Why newspapers hire individuals to regularly offer the public unsubstantiated opinions baffles me. I am a researcher. Unless my posts are grounded in my personal experience, I offer my readers links to document my position on matters about which I write.

David Brooks is an opinion writer. He publishes his opinions regularly in the New York Times (NYT) and has done so since 2003.

Brooks is not a teacher. He has no firsthand experience with the Common Core State Standards (CCSS).

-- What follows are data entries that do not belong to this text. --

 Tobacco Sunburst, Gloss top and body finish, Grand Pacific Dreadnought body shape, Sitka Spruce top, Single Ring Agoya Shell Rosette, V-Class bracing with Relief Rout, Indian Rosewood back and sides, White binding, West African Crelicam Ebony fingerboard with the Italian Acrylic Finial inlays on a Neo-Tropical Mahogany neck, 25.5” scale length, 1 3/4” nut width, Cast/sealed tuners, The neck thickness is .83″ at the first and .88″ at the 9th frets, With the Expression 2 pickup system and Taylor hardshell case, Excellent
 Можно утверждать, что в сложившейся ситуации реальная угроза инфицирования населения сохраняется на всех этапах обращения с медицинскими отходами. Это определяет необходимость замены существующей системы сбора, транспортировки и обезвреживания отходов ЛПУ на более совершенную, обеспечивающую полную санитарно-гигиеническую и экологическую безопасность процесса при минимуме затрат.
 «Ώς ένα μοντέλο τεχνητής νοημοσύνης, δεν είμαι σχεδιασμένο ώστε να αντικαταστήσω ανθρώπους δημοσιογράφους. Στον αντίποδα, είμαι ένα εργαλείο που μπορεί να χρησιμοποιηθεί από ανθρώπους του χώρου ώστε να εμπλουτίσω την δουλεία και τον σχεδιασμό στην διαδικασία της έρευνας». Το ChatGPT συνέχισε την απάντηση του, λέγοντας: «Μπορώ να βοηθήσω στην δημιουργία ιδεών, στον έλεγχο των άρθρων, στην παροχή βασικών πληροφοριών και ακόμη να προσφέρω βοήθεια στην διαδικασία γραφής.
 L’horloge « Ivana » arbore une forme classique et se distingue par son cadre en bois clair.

Nevertheless, Brooks has an opinion on the matter, and the NYT has published his opinion because, well, the NYT publishes Brooks’ opinions.

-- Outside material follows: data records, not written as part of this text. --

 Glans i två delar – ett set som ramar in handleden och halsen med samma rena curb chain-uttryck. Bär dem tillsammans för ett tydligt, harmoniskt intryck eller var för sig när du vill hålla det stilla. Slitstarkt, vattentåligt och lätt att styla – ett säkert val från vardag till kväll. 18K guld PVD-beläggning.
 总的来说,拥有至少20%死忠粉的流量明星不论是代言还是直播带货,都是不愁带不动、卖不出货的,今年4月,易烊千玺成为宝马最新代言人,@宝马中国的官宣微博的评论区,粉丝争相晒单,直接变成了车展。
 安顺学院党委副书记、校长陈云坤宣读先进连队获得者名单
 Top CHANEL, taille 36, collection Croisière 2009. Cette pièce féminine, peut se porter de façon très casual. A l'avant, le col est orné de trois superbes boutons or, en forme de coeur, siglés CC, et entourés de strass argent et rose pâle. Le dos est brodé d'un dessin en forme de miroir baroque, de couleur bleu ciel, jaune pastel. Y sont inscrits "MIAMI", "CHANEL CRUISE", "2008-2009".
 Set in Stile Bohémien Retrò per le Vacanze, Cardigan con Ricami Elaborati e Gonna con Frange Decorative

Brooks supports CCSS. That is his opinion.

Allow me to present another opinion: that of the “lead architect” of CCSS, David Coleman. Coleman is quoted here from his presentation, Bringing the Common Core to Life:

Do you know the two most popular forms of writing in the American high school today?…It is either the exposition of a personal opinion or the presentation of a personal matter. The only problem, forgive me for saying this so bluntly, the only problem with these two forms of writing is as you grow up in this world you realize people don’t really give a **** about what you feel or think. What they instead care about is can you make an argument with evidence, is there something verifiable behind what you’re saying or what you think or feel that you can demonstrate to me. [Emphasis added.]

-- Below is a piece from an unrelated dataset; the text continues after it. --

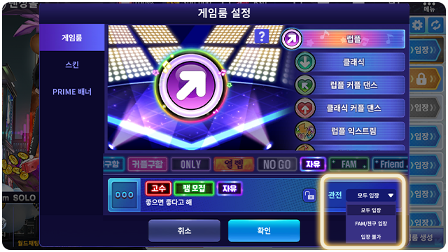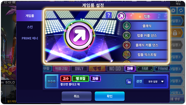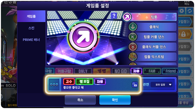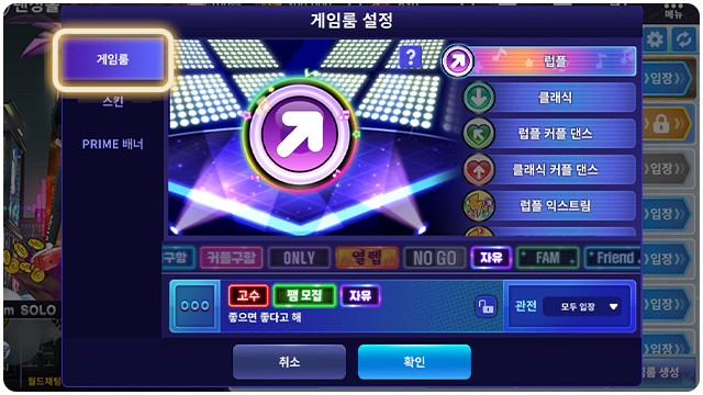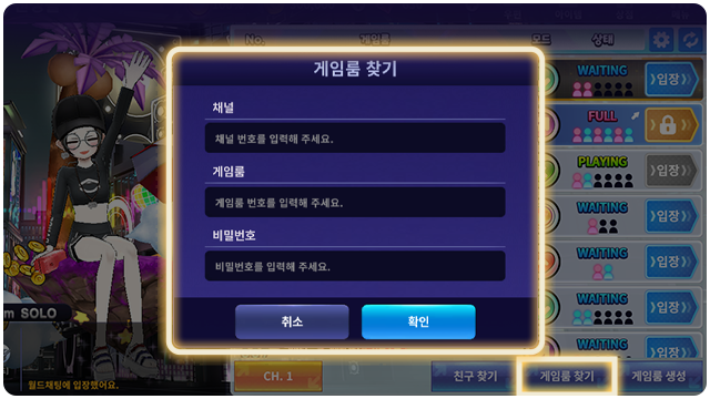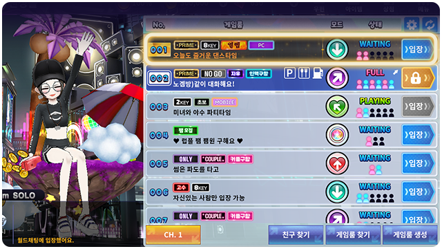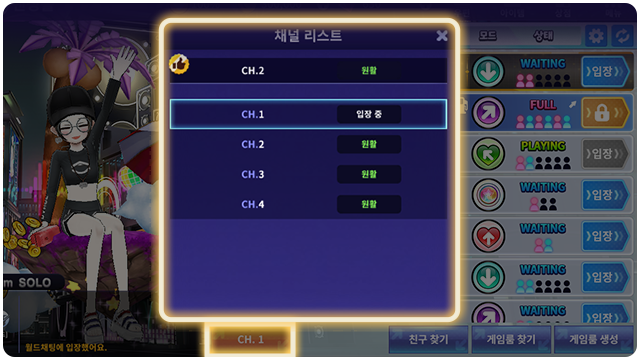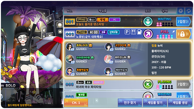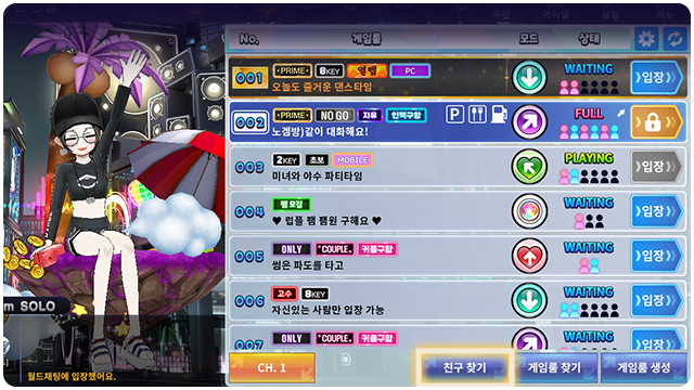 ■ 댄싱홀 로비에서 게임룸 리스트를 확인할 수 있어요.

How is that for irony? David Brooks writes his opinion on CCSS, and the “lead architect” of CCSS is knocking opinion writing.

Brooks’ opinion is that opponents to CCSS are part of a “circus.”

How sad it is that Brooks does not realize that he is part of the very circus about which he writes. Brooks believes he writes about CCSS from an op/ed perch outside of the Big Top. However, his place is in the ring of the many who support CCSS on the unsubstantiated opinion that CCSS is necessary to American public education; that it was properly and democratically created and chosen by stakeholders; that it is the solution to some supposed failure of American public education, and that opponents of CCSS act only from “hysteria.”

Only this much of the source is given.